The alternative is to not do this. This means that a papercut in deailing with
generics remains.

## Acknolowedging extra inferred parameters with `..`

Another alternative is to use the syntax `turbo::<u32, ..>()` to get rid of
any extra `, _`s. This syntax may however be more useful for variadics. Also,
the `, ..` makes the call longer for the most common case which is when you have
one argument to add as in: `turbo::<u32, _>()`. Additionally, using `..` to
acknowledge that inference is going on is inconsistent with the language in
general. There is no requirement to acknowledge type inference elsewhere.
Instead, the fact that type inference is going on should itself be inferred.

## Opting into partial turbofish at definition site

In a possible amendment to this RFC, we could require that the definition site
of a function or a data constructor explicitly opt into allowing turbofish with
the proposed syntax:

```rust
fn foo<T, U = _, V = _>(..) { .. }
```

While this gives a greater degree of control to authors, it also comes with
downsides:

1. Assuming that partial turbofish is the desirable default behavior, authors
of generic functions are penalized by having to opt in with `= _` on every
generic parameter.

2. More choices comes with an increased mental cost of deciding whether to
use `= _` or not, which may not be worth the additional control afforded.

3. Opting in leaves users of generic functions and data constructors with doubt
as to whether this or that function has opted in, wherefore they must check
the documentation. This uncertainty can contribute to disturbing writing flow.

# Prior art

In Haskell, a function:

```haskell
fun :: a -> Int -> c
fun a i c = expr
```

is equivalent to:

```haskell
fun :: forall a c. a -> Int -> c
fun a i c = expr
```

which, in terms of [System F](https://en.wikipedia.org/wiki/System_F) is
the judgement that:
```
|- (Λ a. Λ b. λ x1^a. λ x2^Int. λ x3^c. expr) : ∀ a. ∀ c. a -> Int -> c
```

Here, `Λ a.` is a lambda function taking a type, and not a term.
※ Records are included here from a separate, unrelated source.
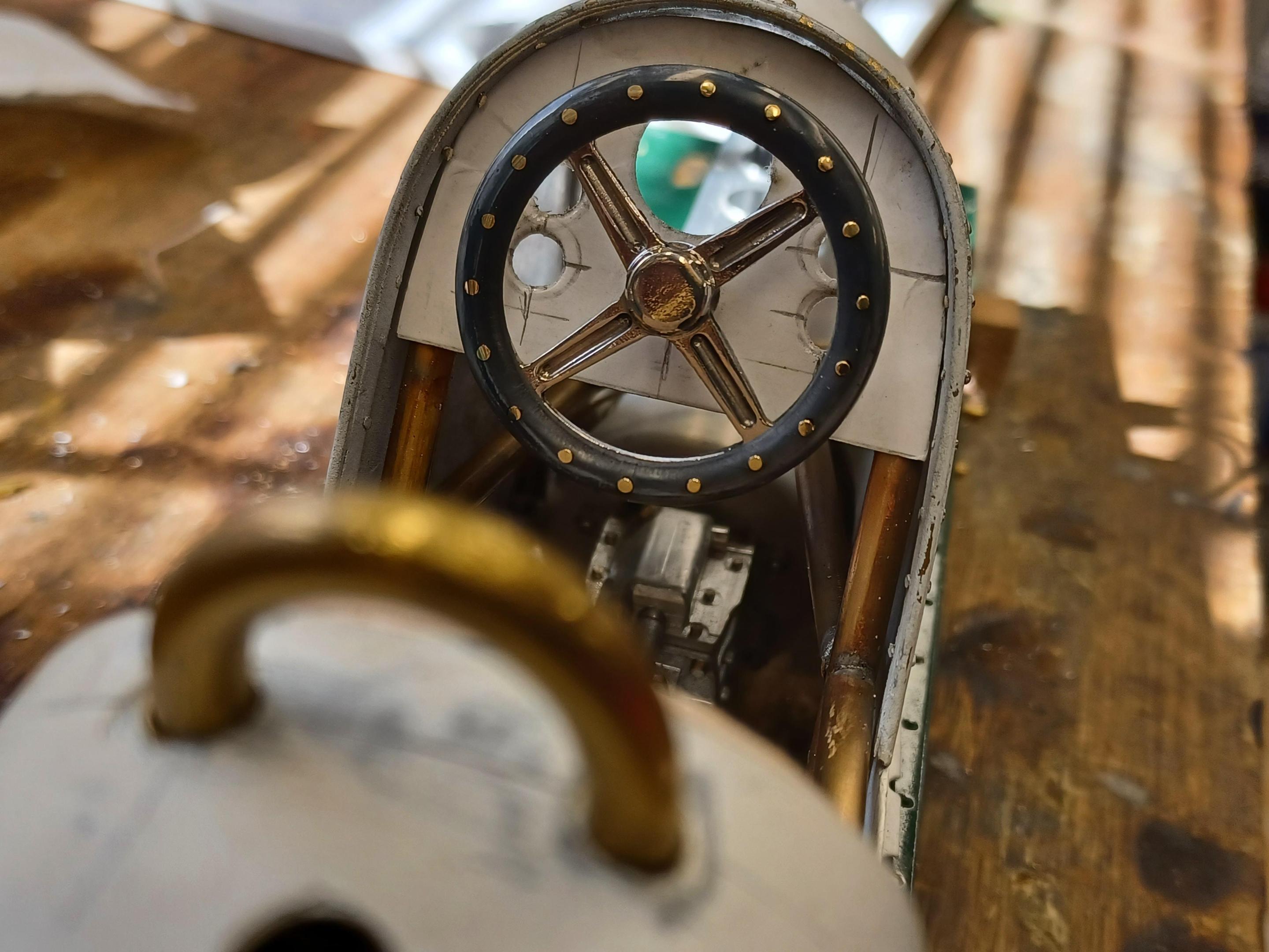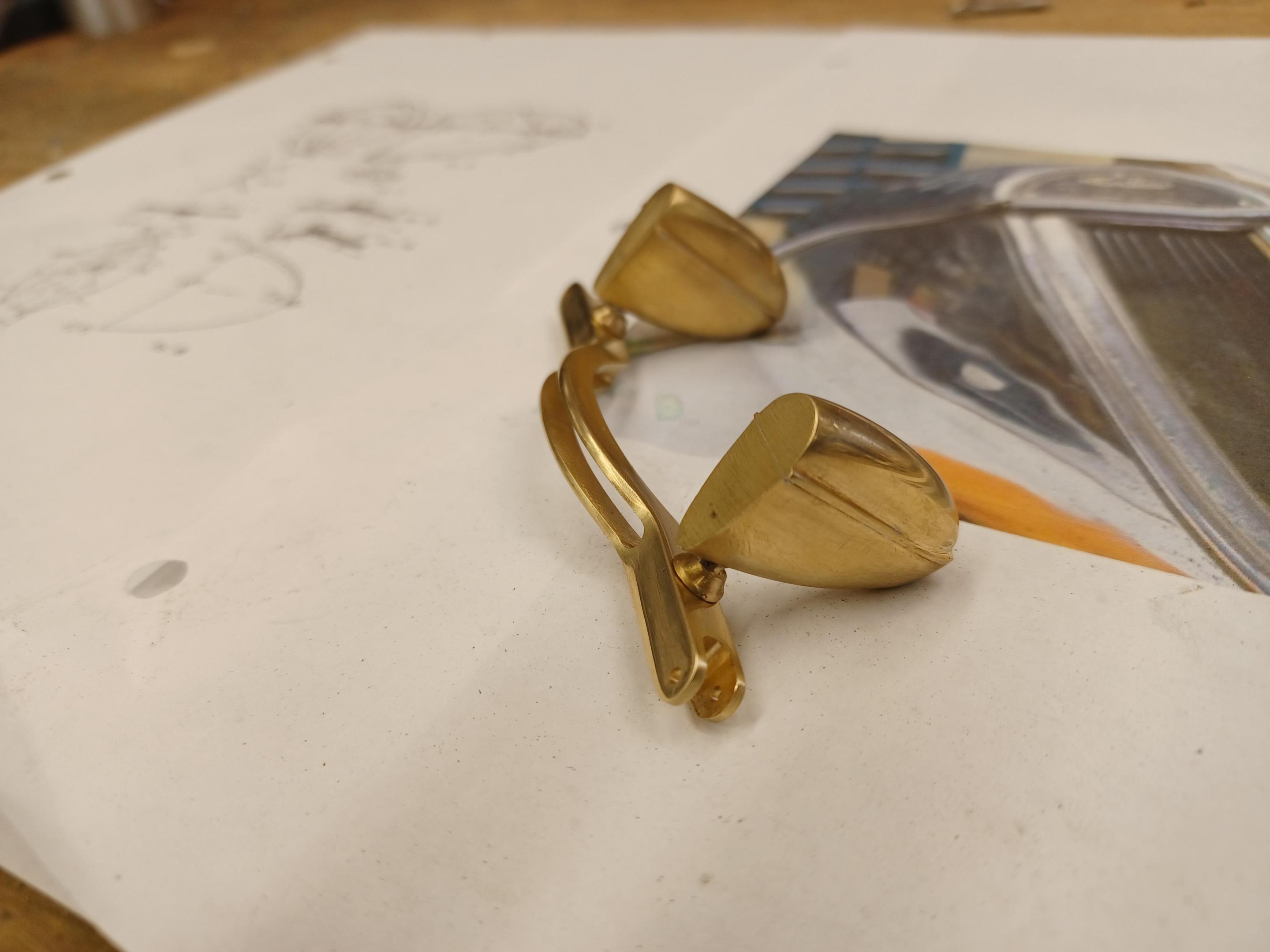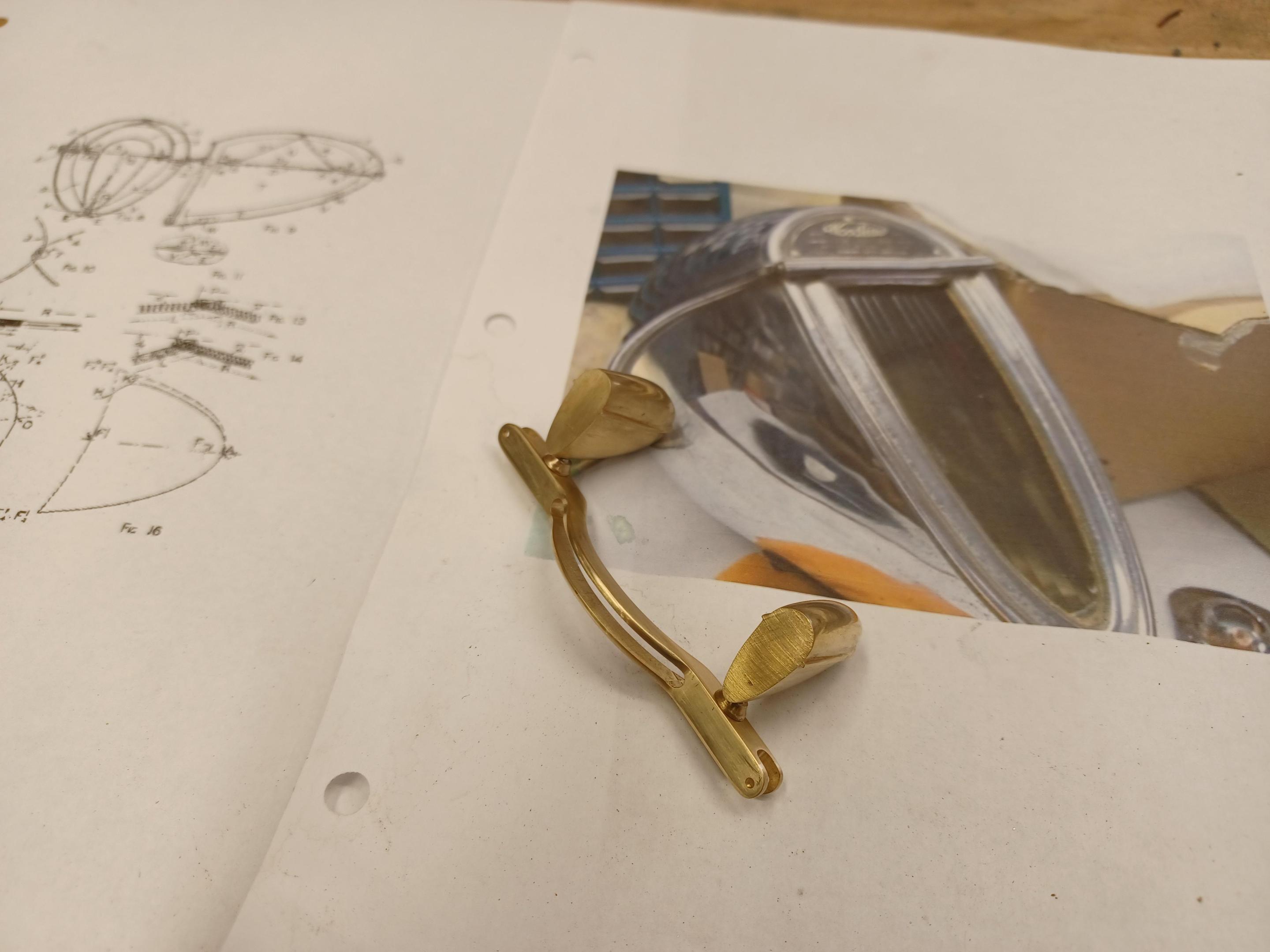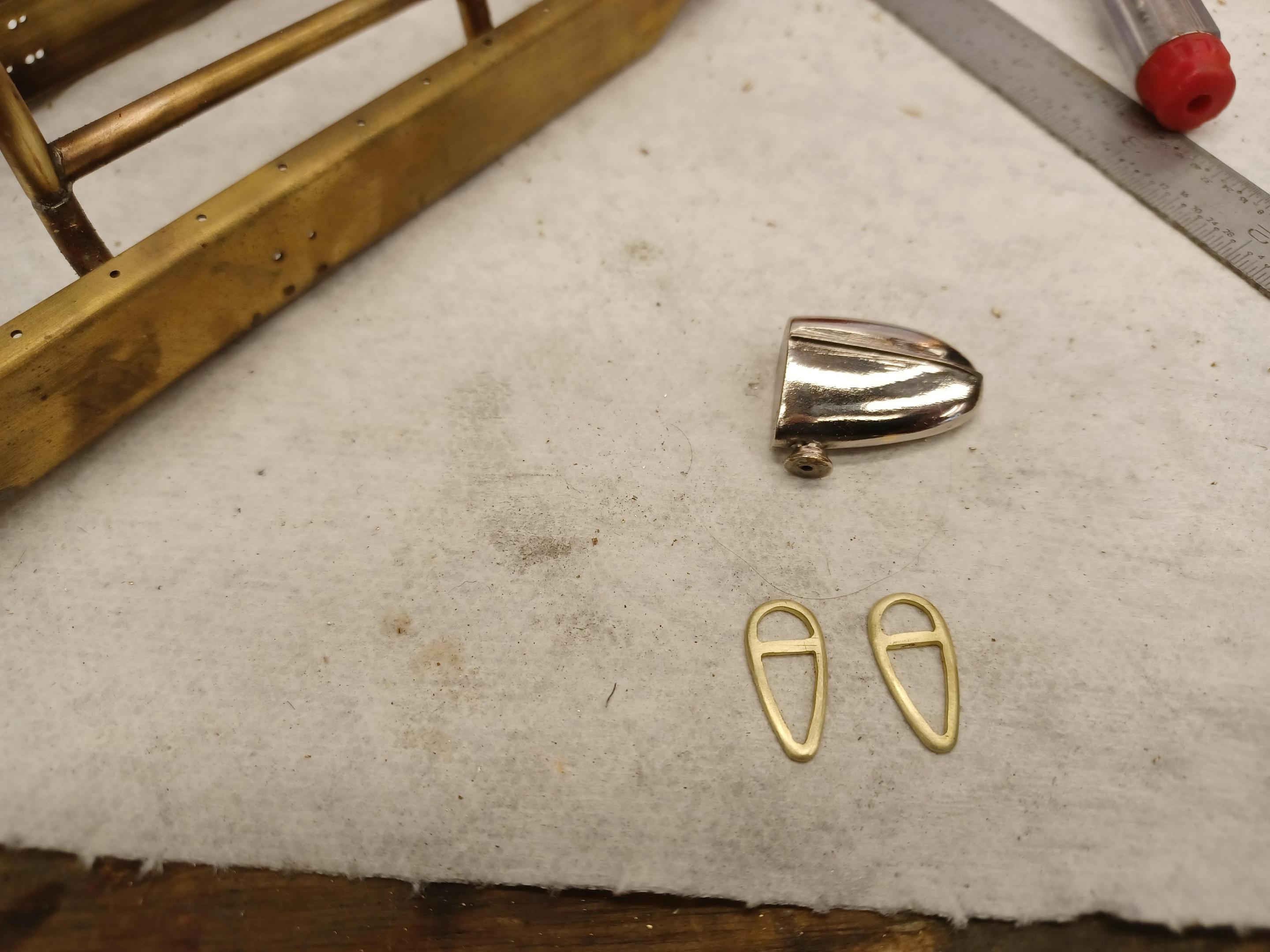 made the lenses for the woolitre headlites.put a yellow lense in top for turn signals.there is a name plate there in the originals.also this week i made a teering wheel. 3 attempts. i nickel plated and polshed the spokesmade 2 molds for the 2 rim pieces and riveted them together. pedas and rear lites are next.then the radiator. hope your new year is going well.
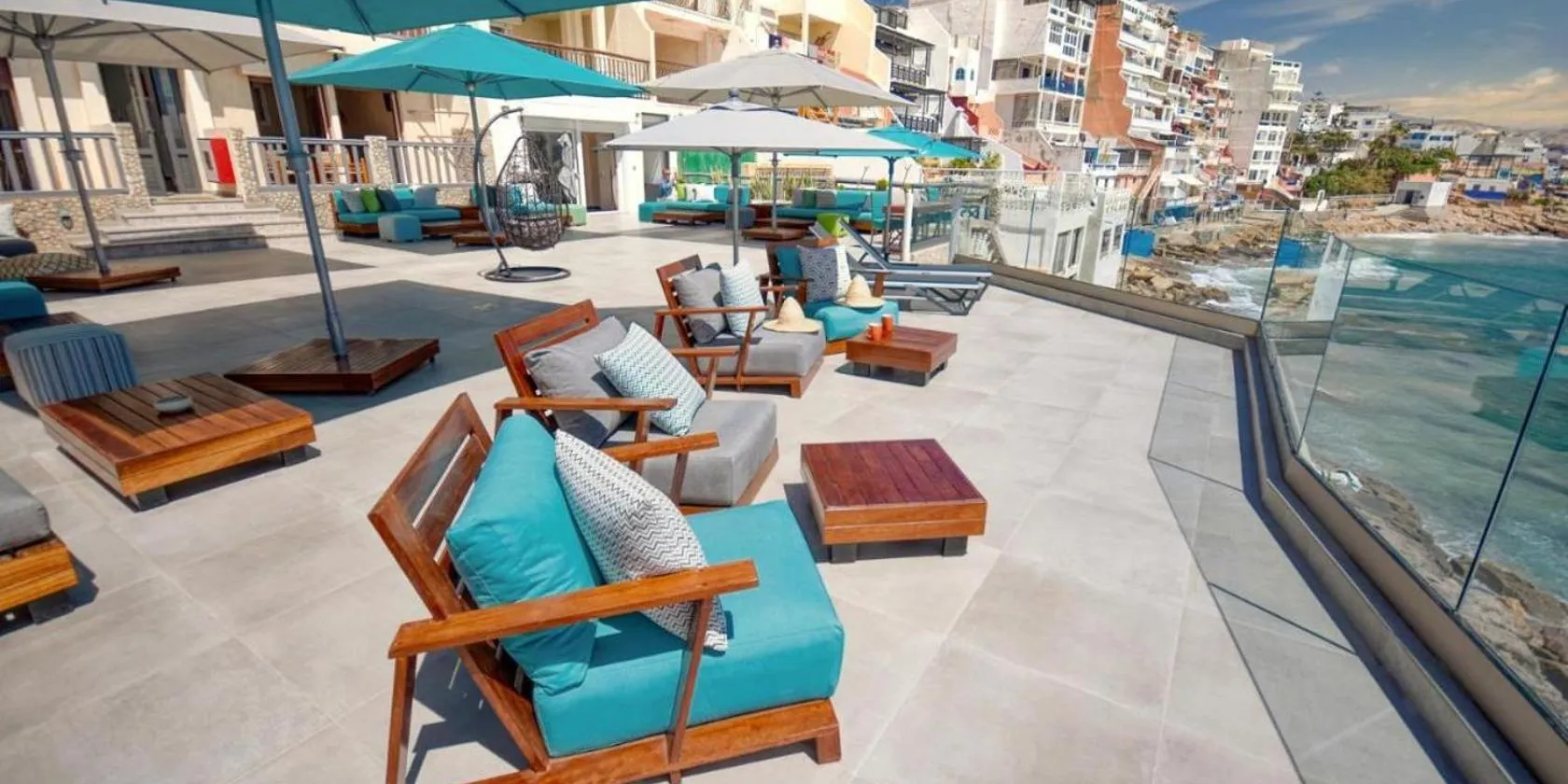 海の景色を望むLuxury 2BR Apartment Taghazout Bay 1 min walk to beachはテラスとバルコニーを提供する宿泊施設で、ゴルフ・ターゼグゾまで約徒歩17分です。タガズート・ビーチから2.2kmの宿泊施設で、屋外プールと無料専用駐車場を提供しています。
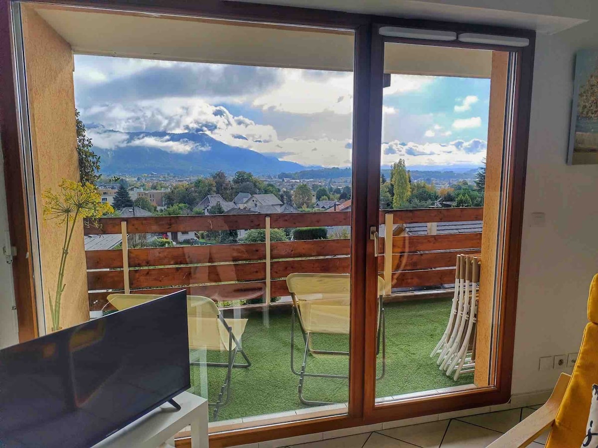 Dit rustige familiehuis ligt dicht bij alle voorzieningen: bussen, supermarkten (crossroads, white water (AB), decathlon, enz.) 10 minuten fietsen van het centrum, 20 minuten van Lac du Bourget. Het appartement is gelegen op de 2e verdieping van ons huis; het is een 3-kamer appartement van 80 m2 onder helling, met een keuken - woonkamer, 2 slaapkamers. Je hebt een sierlijke kleine badkamer met douche. Het terras heeft een prachtig uitzicht op de bergketen Belledonne. Eigen parkeerplaats op het terrein.
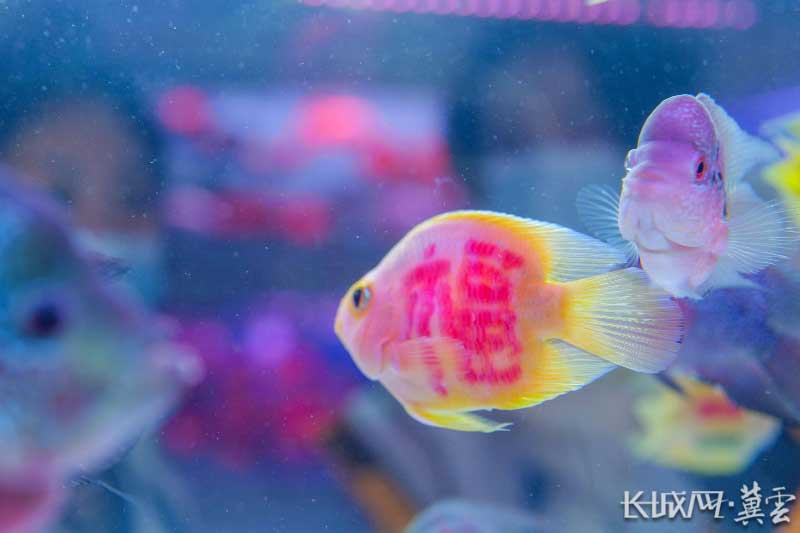 洋洋花卉市場帶有“?!弊值挠^賞魚。郭楠 攝
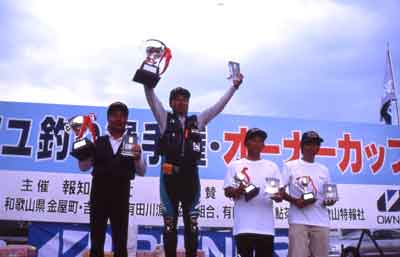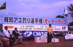 今大会では、ベテラン選手を押さえ若手選手が奮闘した大会であった。そして、着々と世代交代が始まって来ているように感じた。表彰式では、(株)オーナーばり中道社長から、オーナーカップを受け取り、満面の笑顔でウイニングポーズを取った小池選手が実に印象的だった。こうして無事第36回報知アユ釣り選手権オーナーカップは、幕を下ろした。
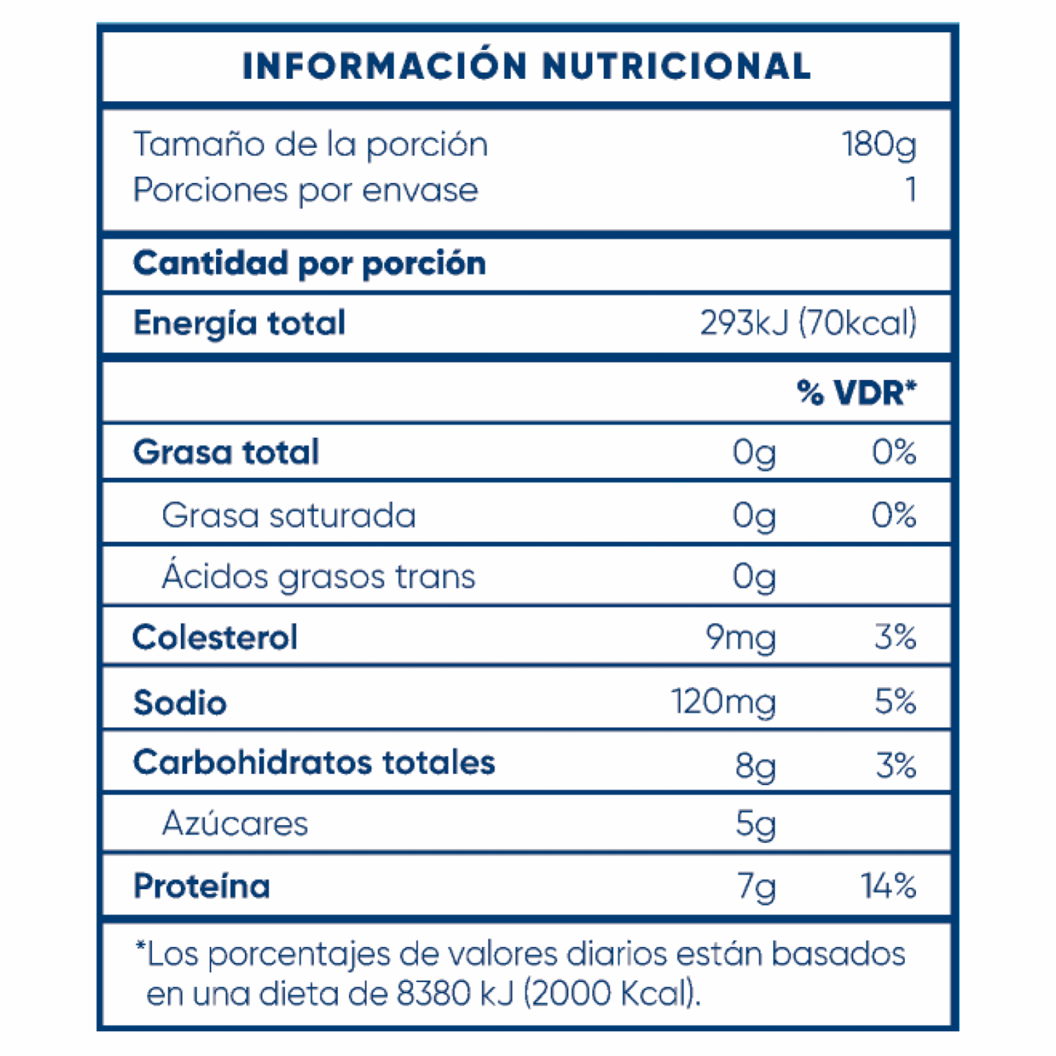 Yogur CHIVERIA sin azúcar, 0% grasa, libre de colorantes y saborizantes artificiales. Elaborado con yogurt descremado. Este producto contiene edulcorante no calórico

In Haskell,
the language pragma `TypeApplications` enabled with lets developers partially
apply types to such lambdas with the syntax: `fun @Int :: Int -> Int -> c`.
Rust also allows type application via the turbofish mechanism: `::<T1, T2, ...>`.
Unlike Haskell, Rust does however not allow the user to only apply some types
as a prefix, but requires the user to supply all types. Type application in
Rust is therefore an all-or-nothing proposition: "Either you give me all the
concrete types, or I will try to infer them all for you".

# Unresolved questions
[unresolved]: #unresolved-questions

+ How should the error messages when too many arguments are omitted look like?